# Praxair Now Linde



## CalgaryPT (Mar 10, 2021)

Got a letter in the mail today regarding my accounts at Praxair. They have been bought out by Linde it looks like. 

I am old enough to remember when they were Union Carbide and were forced by the courts to divest into Praxair et al after the Bhopal disaster in 1984.

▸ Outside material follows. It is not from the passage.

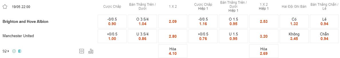 Tỷ lệ kèo Brighton vs MU

30+ years later...still a sad tragedy.


----------



## Brent H (Mar 10, 2021)

Linde got bought out by Messer-....wait for it....


----------



## Tom Kitta (Mar 10, 2021)

Bhopal disaster was truly tragic event.


----------



## Dabbler (Mar 11, 2021)

oh, and air liquide (Alberta) got bought by Linde as well.  I sure hope they come back as i have very bad things to say about Linde's very bad customer relations


----------



## ShawnR (Mar 11, 2021)

Dabbler said:


> oh, and air liquide (Alberta) got bought by Linde as well.  I sure hope they come back as i have very bad things to say about Linde's very bad customer relations



We have 3 suppliers in the city, 2 of which are Praxair and AirLiquide....guess we now have 2


----------



## Thadious (Mar 16, 2021)

Perhaps they will change their policies in BC about hydro'ing, recertifying and filling larger customer owned bottles! *fingers crossed*!


----------